Heat Stroke
Quick answer
Heat stroke is what happens when the body's cooling system fails and core temperature climbs to dangerous levels. It is a medical emergency. Signs include confusion, loss of coordination, very hot skin, rapid pulse and loss of consciousness. Call emergency services immediately, move the person to a cooler place, and cool them aggressively while help arrives.
What heat stroke is
Heat stroke is the most severe form of heat illness. It occurs when the body can no longer cool itself and core temperature rises rapidly — typically above 40°C / 104°F. At that point, organs begin to be damaged, and without immediate intervention the outcome can be fatal.
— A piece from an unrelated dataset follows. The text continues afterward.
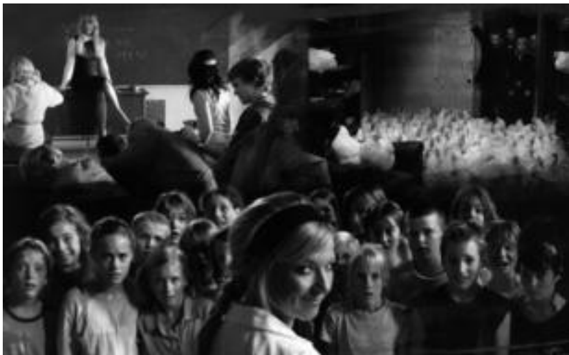
'Ordezko andereñoa' igandean ikusi ahal izango da Leidorren. HITZA
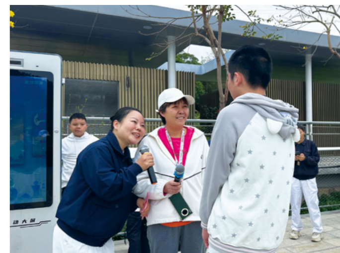
在“爱要大声说出来”环节中，小童勇敢地走上前，声音闷闷地说：“妈妈，感谢您从小养育我，保护我！”

Heat stroke can develop from unrecognised heat exhaustion, or it can strike suddenly in a worker exposed to extreme conditions. Either way, the priority is the same: call emergency services, cool the person aggressively, and stay with them until help arrives.
Why every employer must recognise it
Heat stroke is one of the few workplace emergencies where minutes genuinely matter. A supervisor who recognises confusion or loss of coordination for what it is — and who calls the emergency services immediately — dramatically improves the chances of a full recovery.
This is why every workplace with heat-exposed workers should train supervisors and buddies to recognise the difference between heat exhaustion and heat stroke, and to default to calling emergency services whenever they aren't sure.
What to do — the first three minutes
Call emergency services immediately. Move the person to the coolest place available. Remove excess clothing. Cool them with any means available: cold water on the skin, ice packs at the neck, armpits and groin, wet towels, fans. Do not give food or drink to anyone who is confused, drowsy or unconscious. Stay with the person until help arrives.
Common mistakes
Waiting to see if it improves
Heat stroke does not improve on its own. Any delay in calling emergency services increases the risk of lasting harm.
Treating it as heat exhaustion
Confusion, loss of coordination or loss of consciousness are red flags for heat stroke, not heat exhaustion. Default to emergency services.
Frequently asked questions
- How is heat stroke different from heat exhaustion?
- Heat exhaustion typically involves heavy sweating, tiredness and clear thinking. Heat stroke involves confusion, loss of coordination, very hot skin (sometimes with no sweating) and can involve loss of consciousness. Heat stroke is a medical emergency.
- Can heat stroke happen indoors?
- Yes. Kitchens, laundries, foundries, warehouses and delivery vans can all reach conditions where heat stroke is a real risk, especially during multi-day heatwaves when buildings do not cool overnight.